··· Records provided

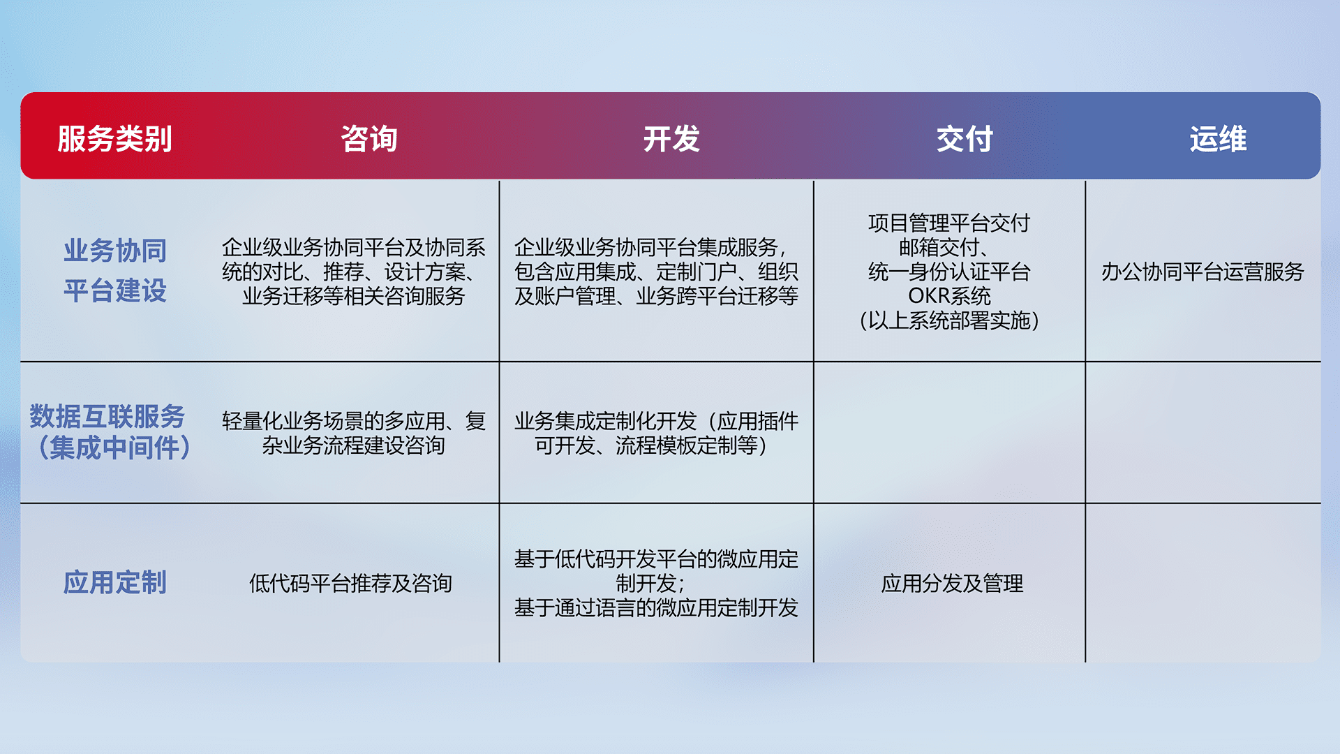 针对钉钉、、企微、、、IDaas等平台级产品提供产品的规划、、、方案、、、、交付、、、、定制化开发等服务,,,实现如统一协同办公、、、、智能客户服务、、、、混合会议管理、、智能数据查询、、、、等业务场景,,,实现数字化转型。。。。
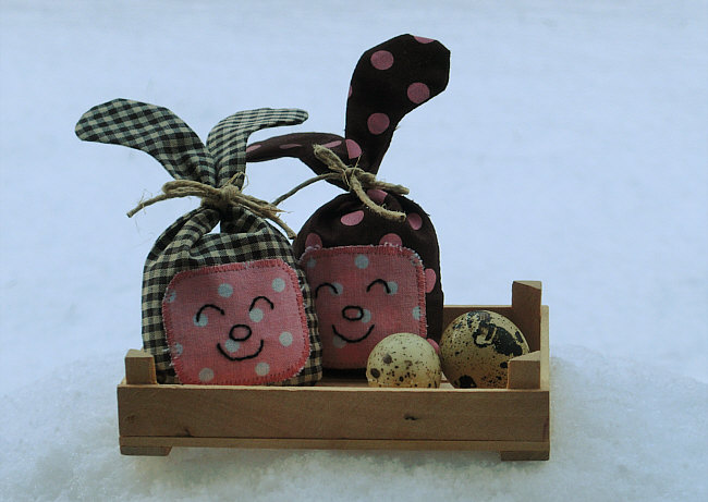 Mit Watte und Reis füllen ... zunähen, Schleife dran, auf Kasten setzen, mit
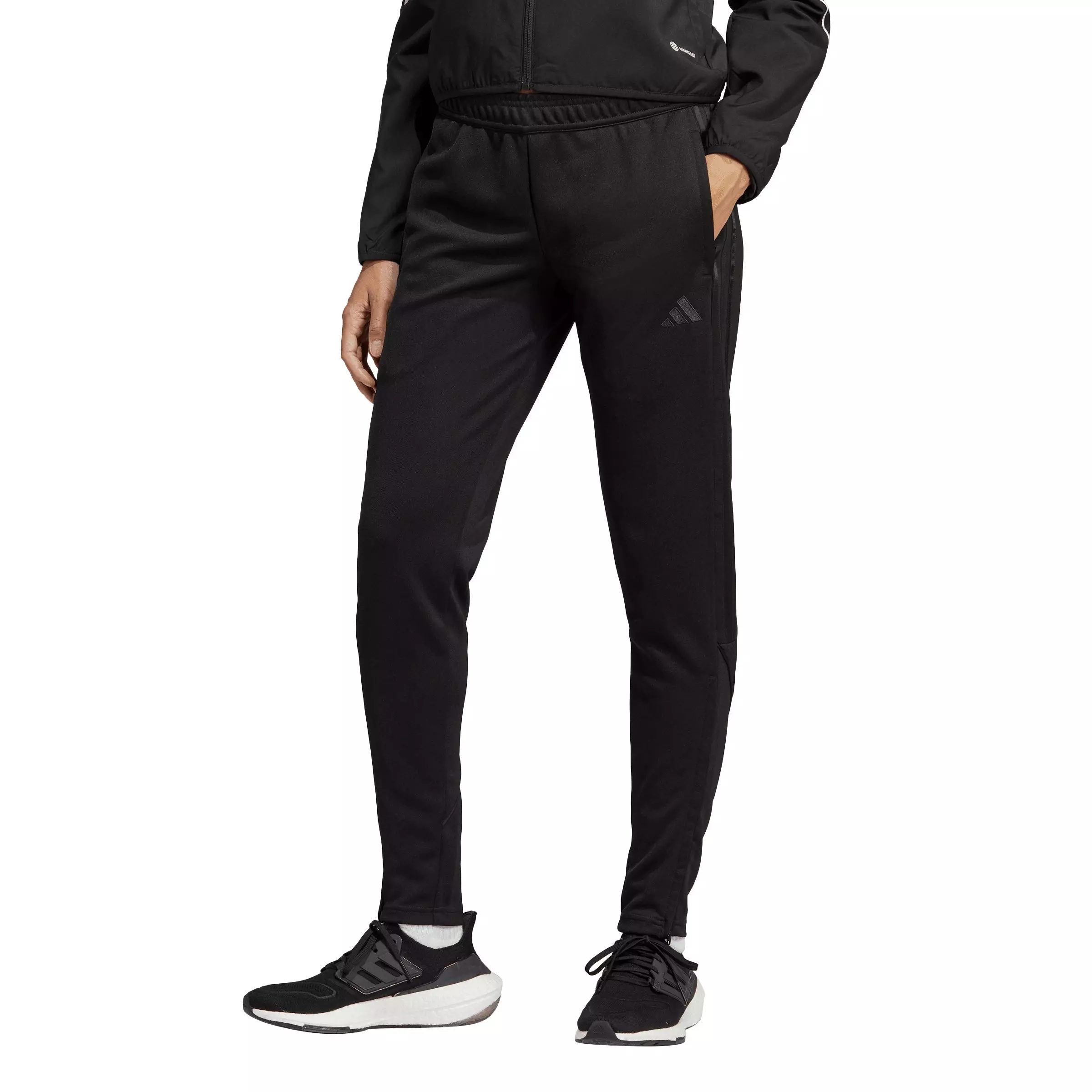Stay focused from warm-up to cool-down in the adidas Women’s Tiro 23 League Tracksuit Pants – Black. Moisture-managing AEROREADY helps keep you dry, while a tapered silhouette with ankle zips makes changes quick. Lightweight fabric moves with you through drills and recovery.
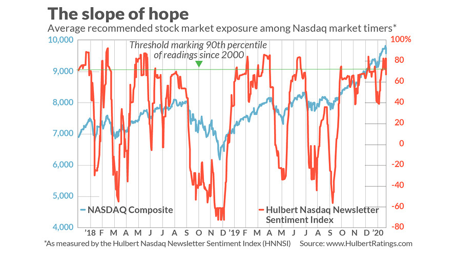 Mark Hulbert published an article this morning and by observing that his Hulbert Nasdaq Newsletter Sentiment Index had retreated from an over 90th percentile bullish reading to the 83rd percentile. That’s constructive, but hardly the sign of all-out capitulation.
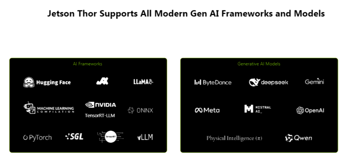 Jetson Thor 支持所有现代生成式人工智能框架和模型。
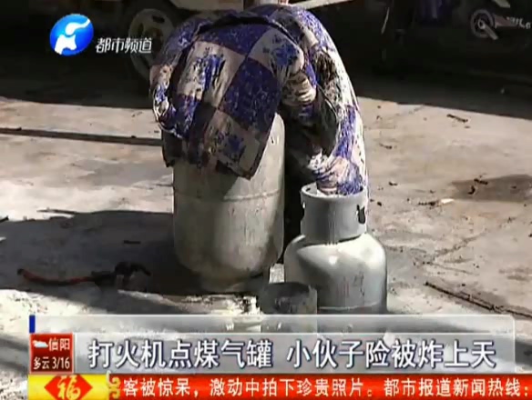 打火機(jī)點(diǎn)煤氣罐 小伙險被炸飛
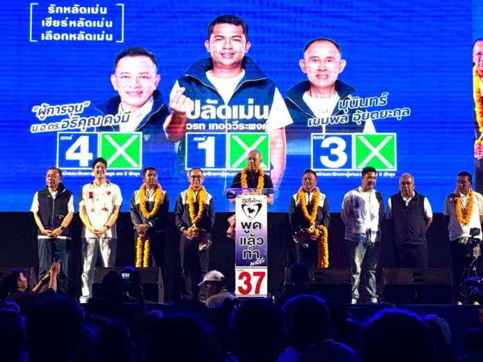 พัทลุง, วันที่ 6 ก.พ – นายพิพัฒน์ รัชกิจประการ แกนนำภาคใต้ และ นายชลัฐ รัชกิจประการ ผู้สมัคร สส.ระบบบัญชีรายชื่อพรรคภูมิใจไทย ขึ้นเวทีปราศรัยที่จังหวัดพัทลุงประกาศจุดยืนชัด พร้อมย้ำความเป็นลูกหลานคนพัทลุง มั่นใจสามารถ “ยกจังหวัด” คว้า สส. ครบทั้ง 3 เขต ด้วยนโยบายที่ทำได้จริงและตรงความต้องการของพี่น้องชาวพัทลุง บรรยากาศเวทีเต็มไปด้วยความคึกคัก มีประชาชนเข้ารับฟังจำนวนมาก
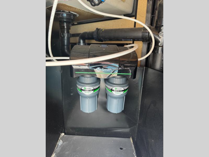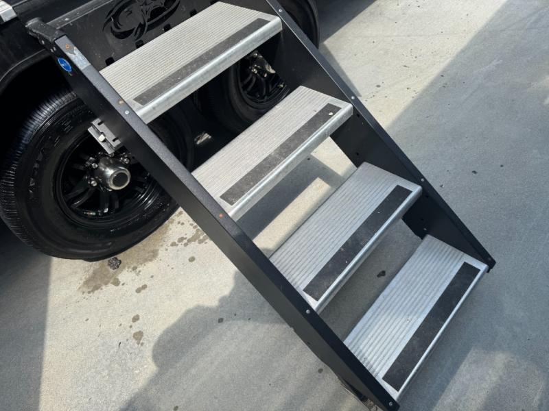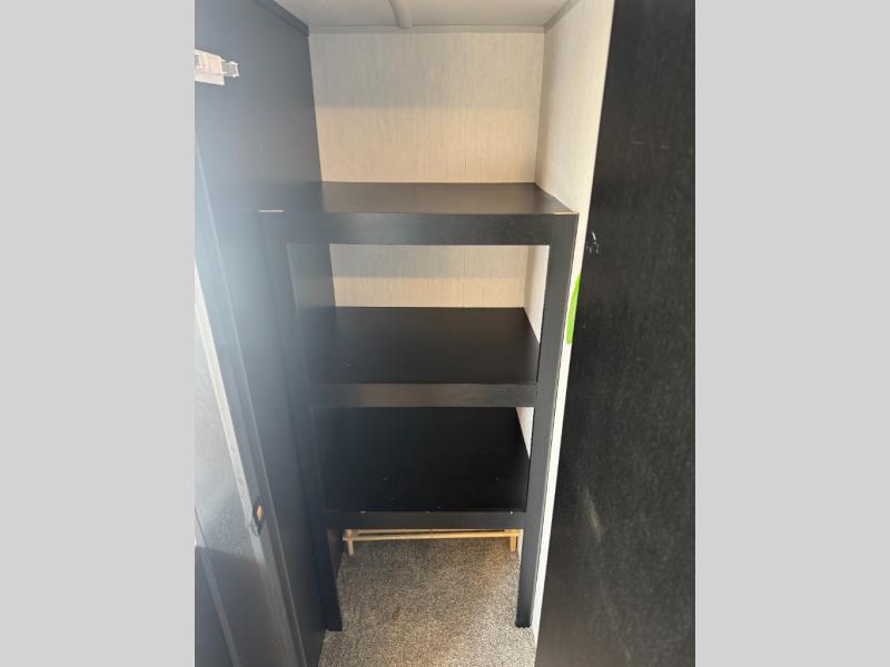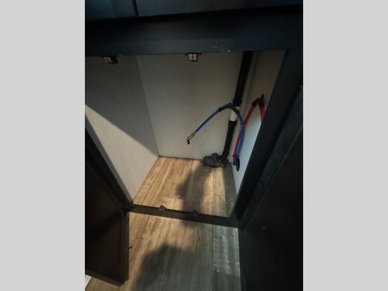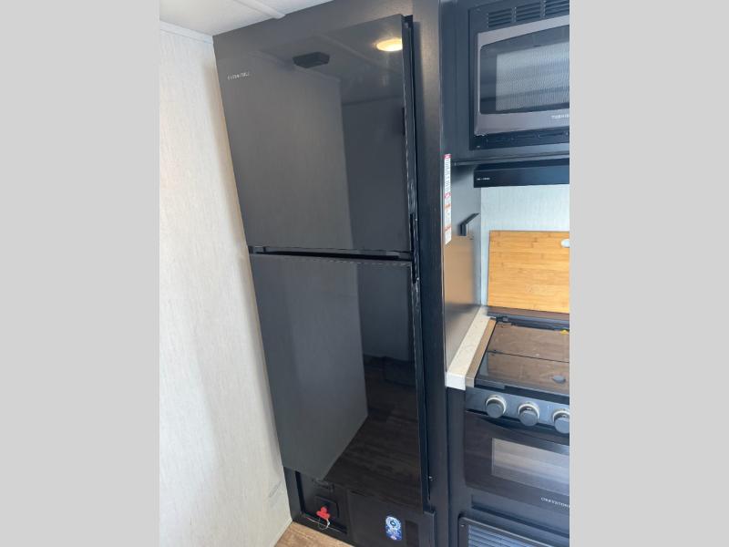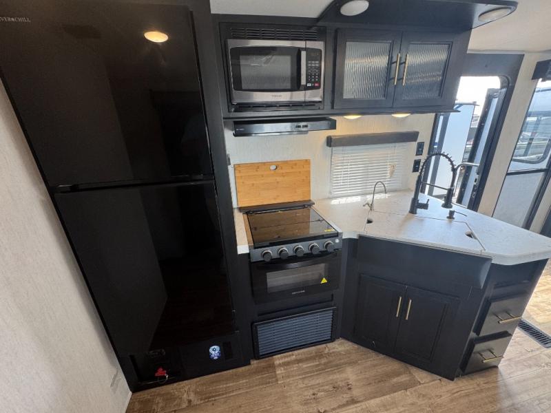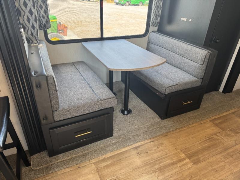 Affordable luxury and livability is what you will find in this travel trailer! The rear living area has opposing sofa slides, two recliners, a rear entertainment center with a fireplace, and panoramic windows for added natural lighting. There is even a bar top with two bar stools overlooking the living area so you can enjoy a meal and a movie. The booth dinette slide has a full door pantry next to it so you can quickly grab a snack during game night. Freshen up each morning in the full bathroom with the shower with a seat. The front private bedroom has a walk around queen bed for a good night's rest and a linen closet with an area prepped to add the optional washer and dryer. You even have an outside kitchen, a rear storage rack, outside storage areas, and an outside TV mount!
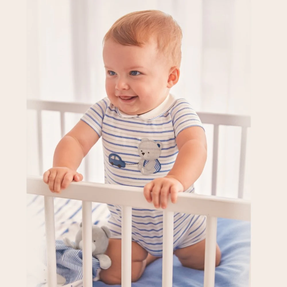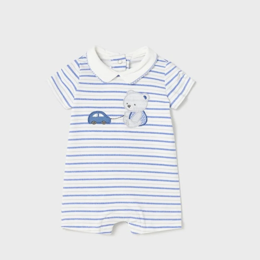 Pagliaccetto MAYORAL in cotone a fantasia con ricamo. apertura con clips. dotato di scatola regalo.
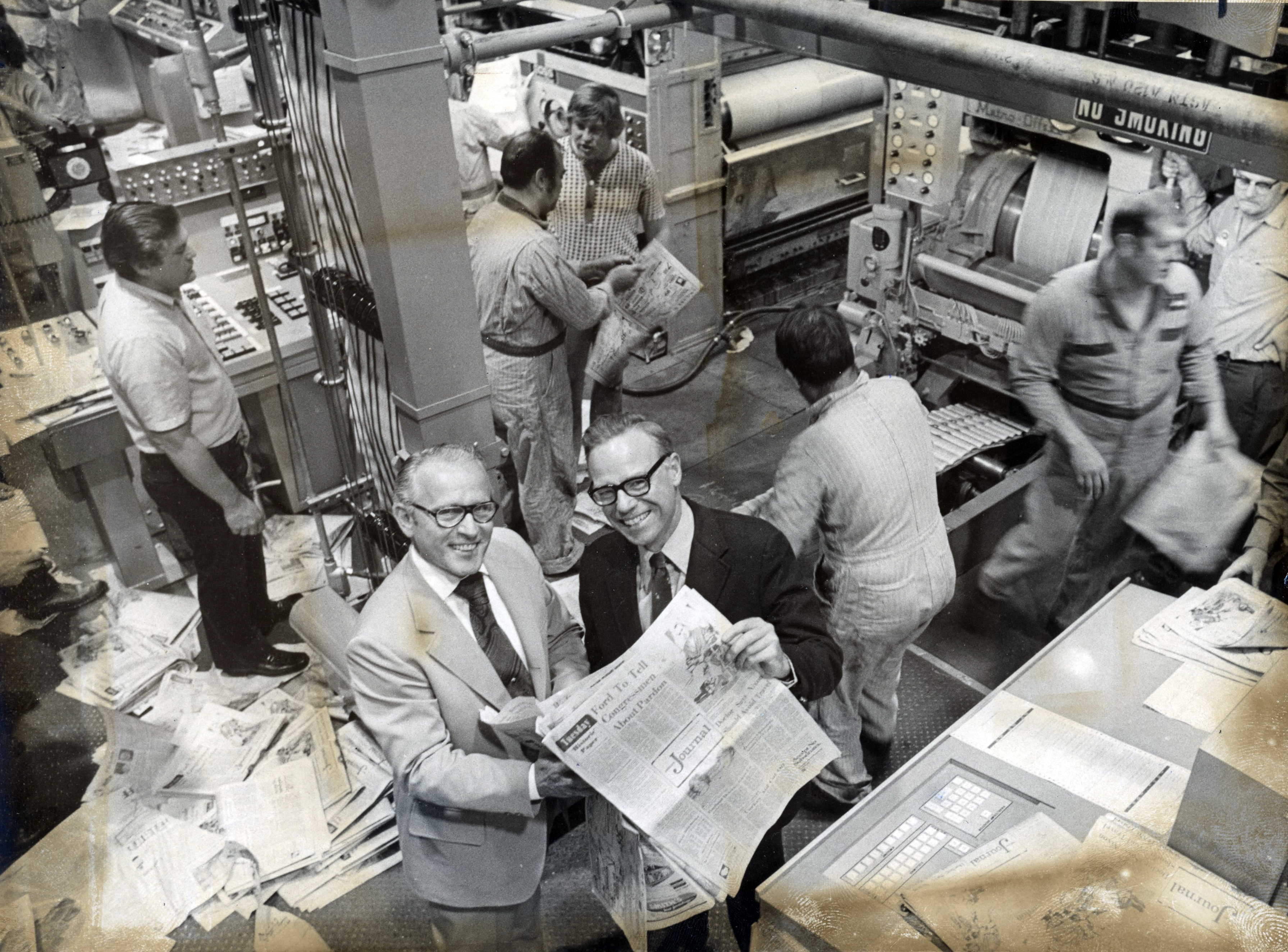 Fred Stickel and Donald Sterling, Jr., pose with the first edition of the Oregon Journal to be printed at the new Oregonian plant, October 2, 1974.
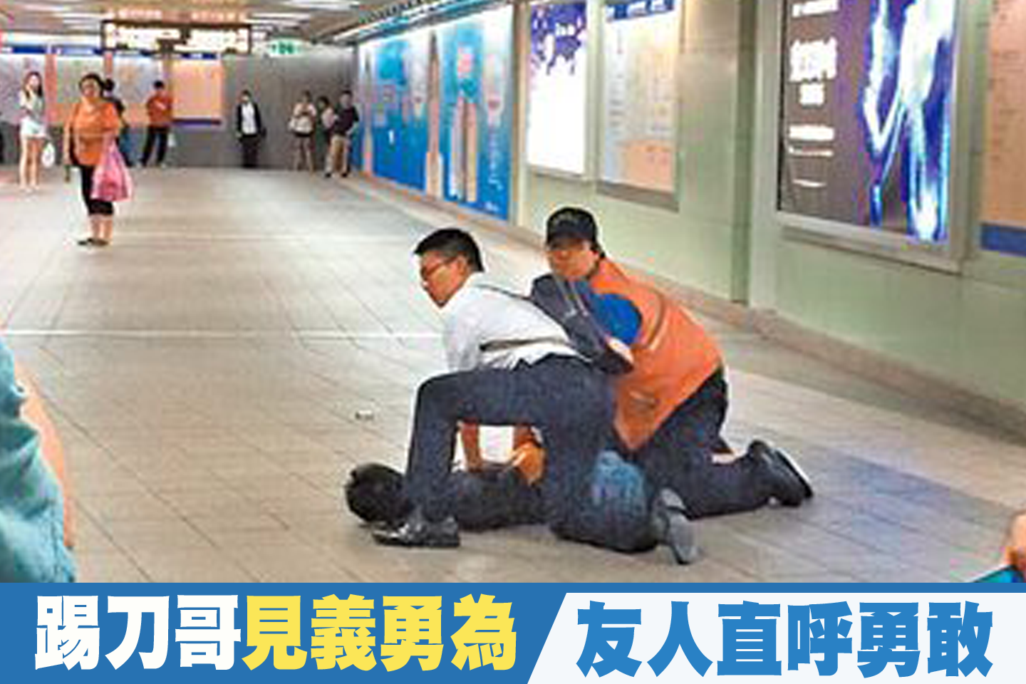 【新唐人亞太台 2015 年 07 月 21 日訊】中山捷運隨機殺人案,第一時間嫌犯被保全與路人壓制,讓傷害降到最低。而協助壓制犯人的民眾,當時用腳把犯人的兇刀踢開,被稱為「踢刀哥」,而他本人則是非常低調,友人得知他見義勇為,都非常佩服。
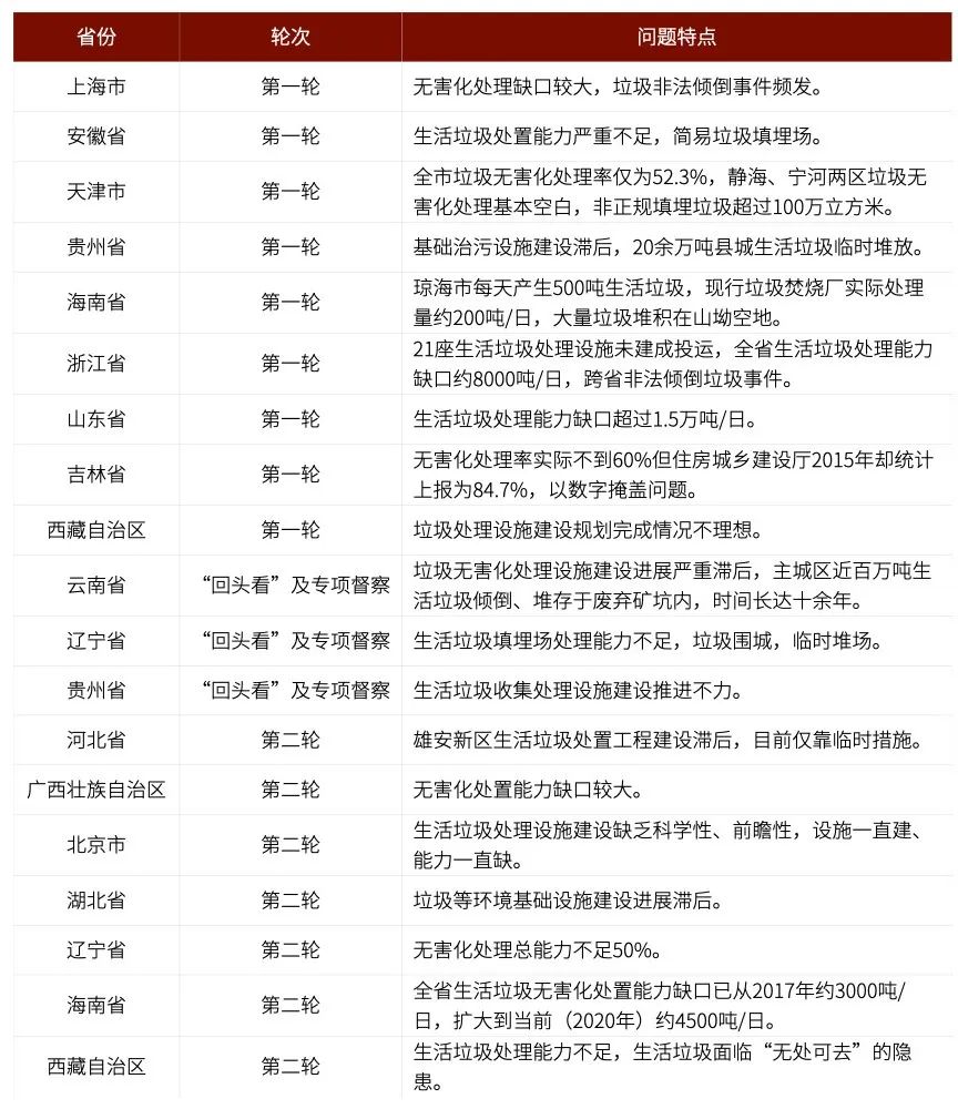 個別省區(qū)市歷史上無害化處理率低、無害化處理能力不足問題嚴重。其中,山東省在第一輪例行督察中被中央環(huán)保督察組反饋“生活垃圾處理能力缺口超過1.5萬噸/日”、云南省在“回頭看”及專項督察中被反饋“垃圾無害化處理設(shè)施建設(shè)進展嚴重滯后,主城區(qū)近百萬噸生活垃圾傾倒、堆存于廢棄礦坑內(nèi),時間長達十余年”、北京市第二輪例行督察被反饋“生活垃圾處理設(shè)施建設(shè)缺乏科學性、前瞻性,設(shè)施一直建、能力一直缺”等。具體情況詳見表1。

······

» **Try it**: Please output every entry exactly as written, apart from the pictures.

» **Exercise answer**:
 针对钉钉、、企微、、、IDaas等平台级产品提供产品的规划、、、方案、、、、交付、、、、定制化开发等服务,,,实现如统一协同办公、、、、智能客户服务、、、、混合会议管理、、智能数据查询、、、、等业务场景,,,实现数字化转型。。。。
 Mit Watte und Reis füllen ... zunähen, Schleife dran, auf Kasten setzen, mit
Stay focused from warm-up to cool-down in the adidas Women’s Tiro 23 League Tracksuit Pants – Black. Moisture-managing AEROREADY helps keep you dry, while a tapered silhouette with ankle zips makes changes quick. Lightweight fabric moves with you through drills and recovery.
 Mark Hulbert published an article this morning and by observing that his Hulbert Nasdaq Newsletter Sentiment Index had retreated from an over 90th percentile bullish reading to the 83rd percentile. That’s constructive, but hardly the sign of all-out capitulation.
 Jetson Thor 支持所有现代生成式人工智能框架和模型。
 打火機(jī)點(diǎn)煤氣罐 小伙險被炸飛
 พัทลุง, วันที่ 6 ก.พ – นายพิพัฒน์ รัชกิจประการ แกนนำภาคใต้ และ นายชลัฐ รัชกิจประการ ผู้สมัคร สส.ระบบบัญชีรายชื่อพรรคภูมิใจไทย ขึ้นเวทีปราศรัยที่จังหวัดพัทลุงประกาศจุดยืนชัด พร้อมย้ำความเป็นลูกหลานคนพัทลุง มั่นใจสามารถ “ยกจังหวัด” คว้า สส. ครบทั้ง 3 เขต ด้วยนโยบายที่ทำได้จริงและตรงความต้องการของพี่น้องชาวพัทลุง บรรยากาศเวทีเต็มไปด้วยความคึกคัก มีประชาชนเข้ารับฟังจำนวนมาก
 Affordable luxury and livability is what you will find in this travel trailer! The rear living area has opposing sofa slides, two recliners, a rear entertainment center with a fireplace, and panoramic windows for added natural lighting. There is even a bar top with two bar stools overlooking the living area so you can enjoy a meal and a movie. The booth dinette slide has a full door pantry next to it so you can quickly grab a snack during game night. Freshen up each morning in the full bathroom with the shower with a seat. The front private bedroom has a walk around queen bed for a good night's rest and a linen closet with an area prepped to add the optional washer and dryer. You even have an outside kitchen, a rear storage rack, outside storage areas, and an outside TV mount!
 Pagliaccetto MAYORAL in cotone a fantasia con ricamo. apertura con clips. dotato di scatola regalo.
 Fred Stickel and Donald Sterling, Jr., pose with the first edition of the Oregon Journal to be printed at the new Oregonian plant, October 2, 1974.
 【新唐人亞太台 2015 年 07 月 21 日訊】中山捷運隨機殺人案,第一時間嫌犯被保全與路人壓制,讓傷害降到最低。而協助壓制犯人的民眾,當時用腳把犯人的兇刀踢開,被稱為「踢刀哥」,而他本人則是非常低調,友人得知他見義勇為,都非常佩服。
 個別省區(qū)市歷史上無害化處理率低、無害化處理能力不足問題嚴重。其中,山東省在第一輪例行督察中被中央環(huán)保督察組反饋“生活垃圾處理能力缺口超過1.5萬噸/日”、云南省在“回頭看”及專項督察中被反饋“垃圾無害化處理設(shè)施建設(shè)進展嚴重滯后,主城區(qū)近百萬噸生活垃圾傾倒、堆存于廢棄礦坑內(nèi),時間長達十余年”、北京市第二輪例行督察被反饋“生活垃圾處理設(shè)施建設(shè)缺乏科學性、前瞻性,設(shè)施一直建、能力一直缺”等。具體情況詳見表1。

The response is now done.